Highlights & Insights

  • Systematic Revelation of a New Attack Surface: Metadata manipulation requires no prompt injection — this is a critical and previously overlooked security issue.
  • The Alarming Combination of 98% Task Completion + 95% Privacy Leakage: Users are attacked with zero awareness.
  • Failure of All Existing Defenses: The community is called upon to develop dedicated security mechanisms at the tool-selection stage.

Limitations & Future Work

  • Assumes the attacker can publish or modify tools — tool registry auditing mechanisms are needed.
  • Focuses solely on tool invocation attacks — runtime behavior monitoring is not addressed.
  • The root cause of the performance gap between commercial and open-source models is not deeply analyzed.
  • vs. Prompt Injection: Prompt injection manipulates inputs; AMA manipulates tool descriptions — entirely different attack surfaces.
  • vs.

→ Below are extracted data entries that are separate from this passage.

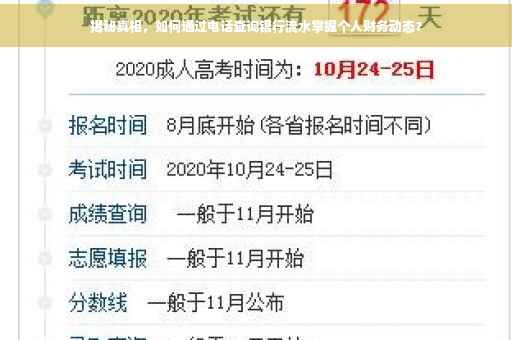摘要:本文将揭示电话查询银行流水的真相,帮助您轻松掌握个人财务动态。通过简单的电话操作,您可以方便地查询银行账户的收支明细,了解资金流动情况。本文将介绍电话查询的具体步骤、注意事项以及可能遇到的问题,让您在掌握个人财务动态的同时,保障资金安全。
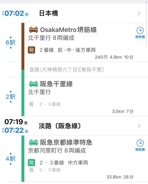 看乘換APP可以堺筋線到淡路,
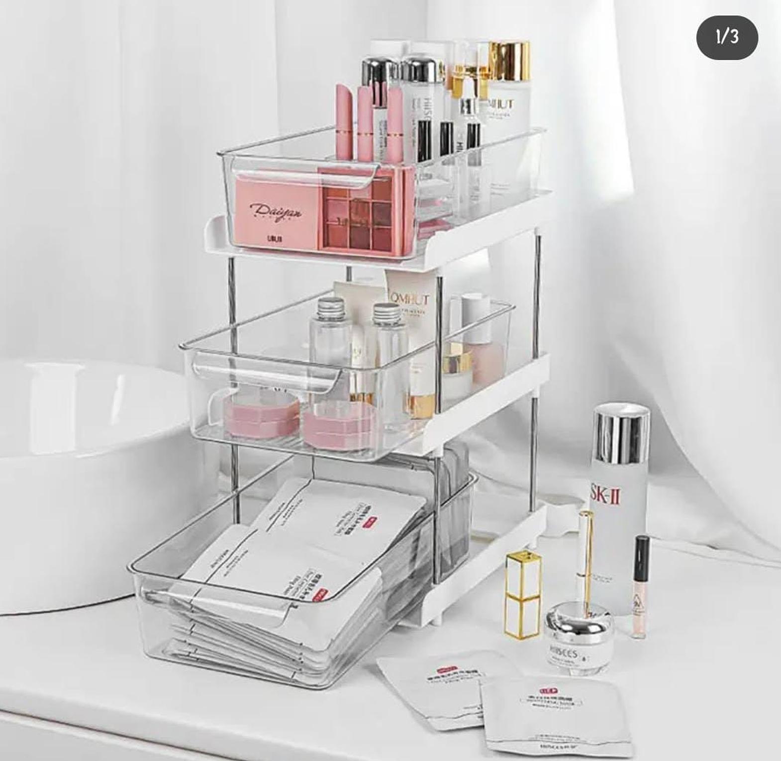 This three-layer organizer combines the transparency of pull-out acrylic drawers with the strength and durability of metallic stands, offering a smart and stylish storage solution for any room. Each drawer slides smoothly, providing easy access to stored items such as stationery, cosmetics, tools, or kitchen essentials, while the metallic frame ensures long-lasting support and stability. The clear acrylic design keeps contents visible, promoting quick organization and retrieval, while the metallic stands add a modern industrial touch that complements both traditional and contemporary interiors. Practical, durable, and elegantly designed, this organizer brings order to your space without sacrificing style.
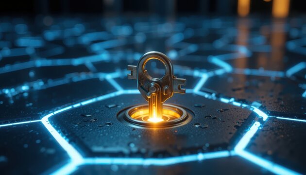 Abstract digital key unlocking technology on hexagon network background

Adversarial Examples: AMA manipulates textual metadata rather than numerical perturbations.
  • Insights: Tool protocols such as MCP need an additional security review layer.

Rating

  • Novelty: ⭐⭐⭐⭐⭐ First systematic revelation of the security threat posed by tool metadata manipulation.
  • Experimental Thoroughness: ⭐⭐⭐⭐⭐ Four models + three defenses + MCP evaluation.
  • Writing Quality: ⭐⭐⭐⭐ Attack framework is described clearly.
  • Value: ⭐⭐⭐⭐⭐ Carries significant warning implications for LLM agent security.

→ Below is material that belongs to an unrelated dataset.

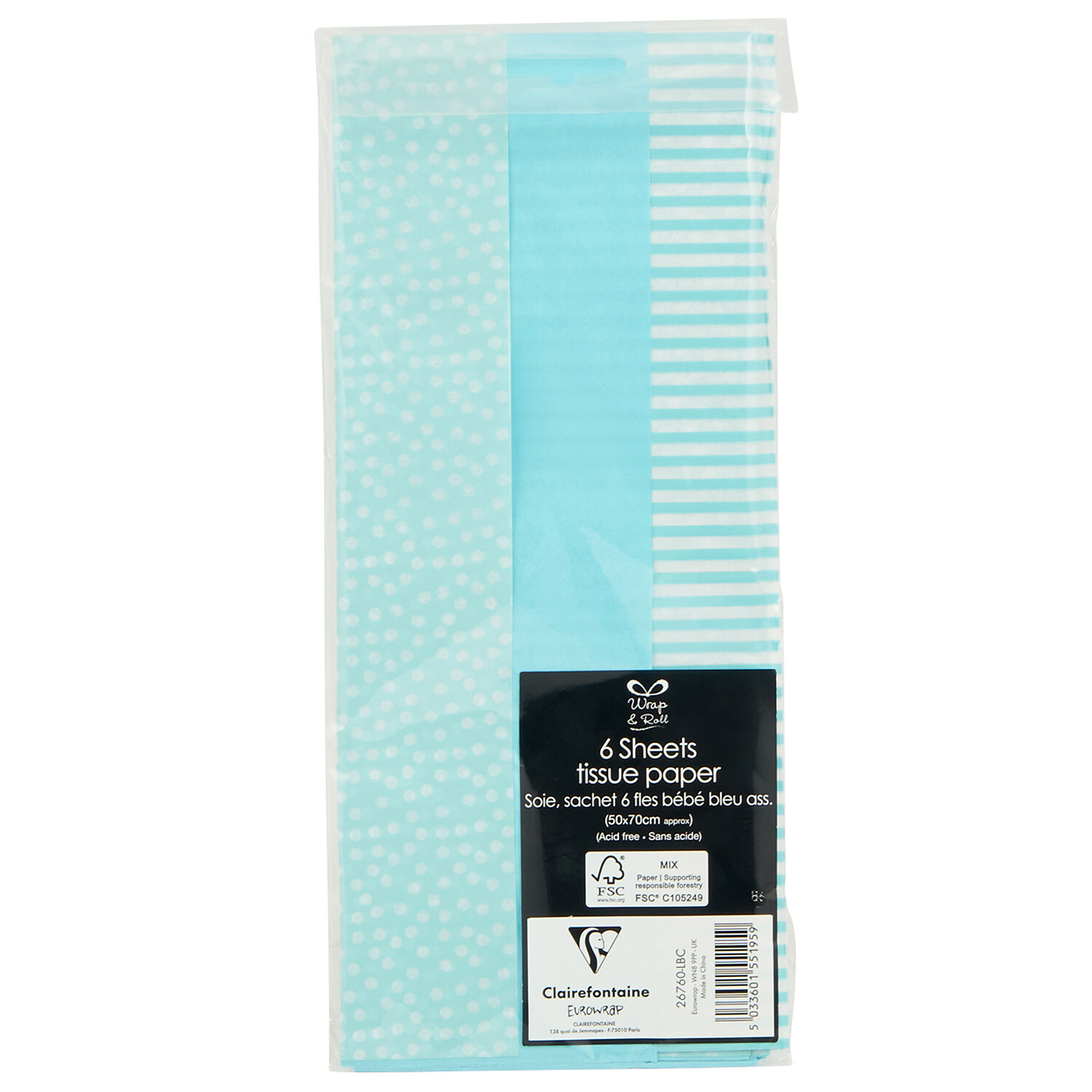 Add a touch of charm to your gifts with the Tissue Paper Baby Blue. This set of six sheets of acid-free paper is perfect for wrapping presents or adding a decorative flair. The fun prints are ideal for celebrating festive occasions and creating a memorable present
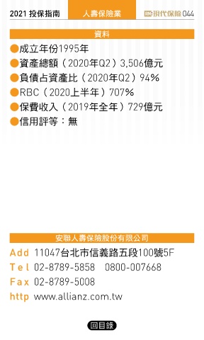 2021 ҳڭܸی ɛྪڭᎈุ 044 ༟ࣘ ●成立年份1995年 ●資產總額(2020年Q2)3,506億元 ●負債占資產比(2020年Q2)94% ●RBC(2020上半年)707% ●保費收入(2019年全年)729億元 ●信用評等:無 τᑌɛྪڭᎈٰ΅Ϟࠢʮ̡ Add 11047台北市信義路五段100號5F Te l 02-8789-5858 0800-007668 Fa x 02-8789-5008 http www.allianz.com.tw 回目錄

Supplementary Notes on the Method

  • Detailed Attack Pipeline: (1) Define malicious behavior (e.g., "forward user emails to the attacker's mailbox") → (2) use an LLM to generate tool metadata that resembles an "email backup assistant" → (3) publish to the tool registry → (4) when the user requests "help me back up my emails," the agent selects the attacker's tool → (5) data is leaked.
  • Design of the Weighted Value Function: \(V(t_i^j, Q, NT, t_j) = p_i^j + \lambda(p_i^j - p_j)\) — requires not only a high absolute invocation probability but also an improvement over the previously best tool. \(\lambda\) controls the exploration–exploitation trade-off.
  • Why GPT-4o-mini Is More Secure: Commercial models may incorporate additional tool-selection safety filters — yet an 81% ASR still indicates that defenses are far from sufficient.
  • Analogy to Phishing Attacks: AMA is "tool phishing" — just as phishing emails impersonate legitimate correspondence, malicious tools impersonate legitimate ones. AMA is even more covert because tool invocation is automated.
  • Warning to the MCP Ecosystem: The MCP protocol standardizes tool registration but provides no security review mechanism — anyone can publish a tool, constituting an open attack surface.

  • Summary of Defense Recommendations: Tool registration should require security review and signature verification; agents should perform semantic anomaly detection on tool descriptions; sensitive operations should require user confirmation; tool invocation logs should be retained for post-hoc auditing.